Schaap H M, Smout A J, Akkermans L M
Department of Surgery, Utrecht University Hospital, The Netherlands.
Gut. 1990 Sep;31(9):984-8. doi: 10.1136/gut.31.9.984.
This study was undertaken to investigate the extent to which gastric electrical control activity and phasic contractile activity are preserved after Billroth II resection and to assess the relation between these activities and postprandial symptoms in patients who have undergone Billroth II resection. Thirty three patients were studied after Billroth II resection without vagotomy. Gastric electrical activity was recorded from surface electrodes and intraluminal pressure was recorded simultaneously. The electrogastrographic signals were analysed by Running Spectrum Analysis. In addition, three dogs with a Billroth II stomach and implanted serosal electrodes were studied. Phasic gastric pressure waves were observed in most patients. Electrogastrographic signals recorded from 82% of the Billroth II patients contained a mean (SD) peak at 3.1 (0.2) cycles per minute (cpm). Fasting and postprandial frequencies correlated significantly (p less than 0.02) with the score for nausea and vomiting. In 61% of the patients, the electrogastrographic signal contained a stable component with a frequency of 10.5 (0.6) cpm that was not caused by respiration. We suggest that this activity is of intestinal origin. In all three dogs studied, retrograde conduction of jejunal electrical control activity (16 cpm) into the distal part of the gastric remnant was observed. In the Billroth II patients, the presence of a 10 cpm component correlated negatively with symptoms.

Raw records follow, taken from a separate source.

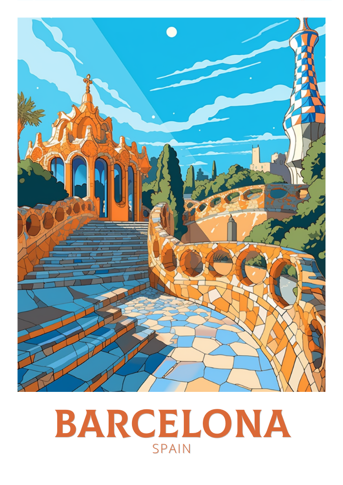 Affiche de voyage à Barcelone : le parc de Gaudi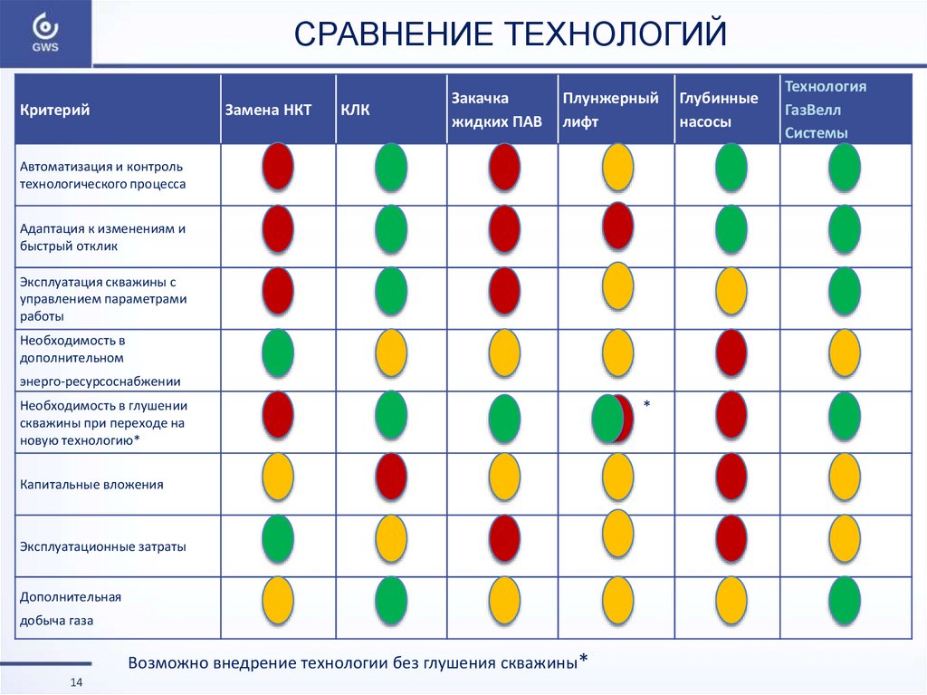 СРАВНЕНИЕ ТЕХНОЛОГИЙКритерий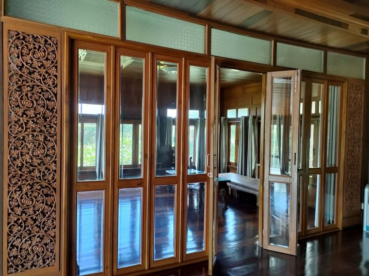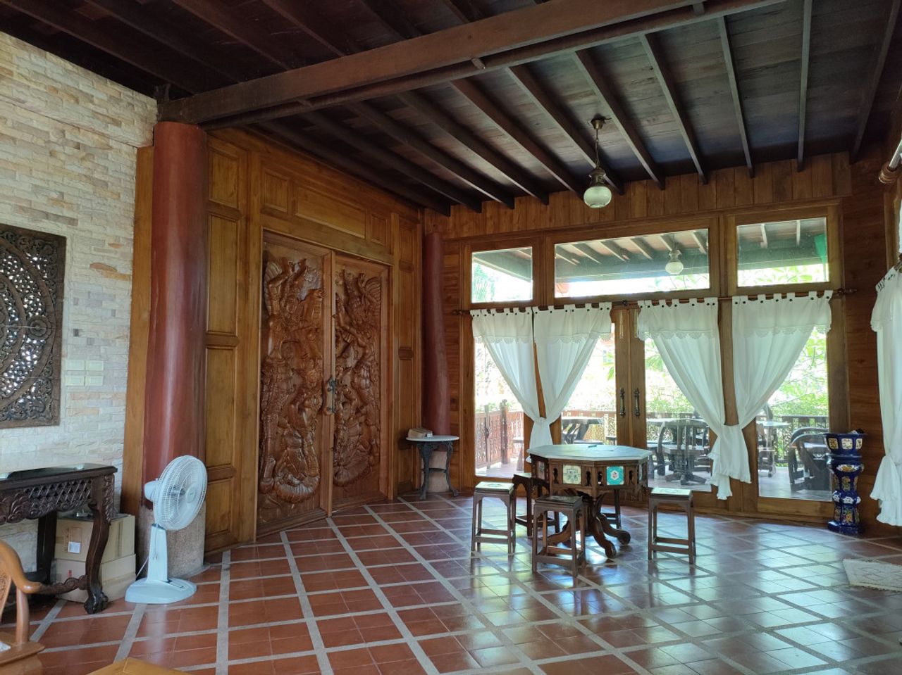 :: รายละเอียด : : - บ้านเรือนไทย ยกพื้น - ในโครงการหมู่บ้าน ติดอ่างเก็บน้ำ + วิวภูเขา - ขนาดที่ดิน 226 ตร.ว. - บ้านเรือนไทยไม้เก่า - ใช้อุปกรณ์อะไหล่บ้าน อย่างดี - ขายพร้อมเฟอร์นิเจอร์ไม้ คุณภาพ - บานประตูห้องโถง เนื้อไม้แกะสลัก สูง 2 เมตร - บานประตู ระเบียงชั้นสอง ไม้แกะสลักไม้ - ประตูห้องรับรองแขก บาน เฟี้ยม เต็มผนังห้อง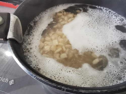 - Ajouter le vin blanc et le vinaigre du pot de cornichons.

本研究旨在探讨毕Ⅱ式胃切除术后胃电控制活动和相性收缩活动的保留程度,并评估这些活动与毕Ⅱ式胃切除术后患者餐后症状之间的关系。对33例未行迷走神经切断术的毕Ⅱ式胃切除术后患者进行了研究。通过表面电极记录胃电活动,并同时记录腔内压力。采用动态频谱分析对胃电图信号进行分析。此外,还对3只具有毕Ⅱ式胃并植入浆膜电极的犬进行了研究。大多数患者观察到相性胃压力波。82%的毕Ⅱ式胃切除术后患者记录的胃电图信号在每分钟3.1(0.2)次周期(cpm)处有一个平均(标准差)峰值。空腹和餐后频率与恶心和呕吐评分显著相关(p<0.02)。61%的患者胃电图信号包含一个频率为10.5(0.6)cpm的稳定成分,该成分并非由呼吸引起。我们认为这种活动起源于肠道。在所研究的3只犬中,均观察到空肠电控制活动(16 cpm)向胃残余远端的逆行传导。在毕Ⅱ式胃切除术后患者中,10 cpm成分的存在与症状呈负相关。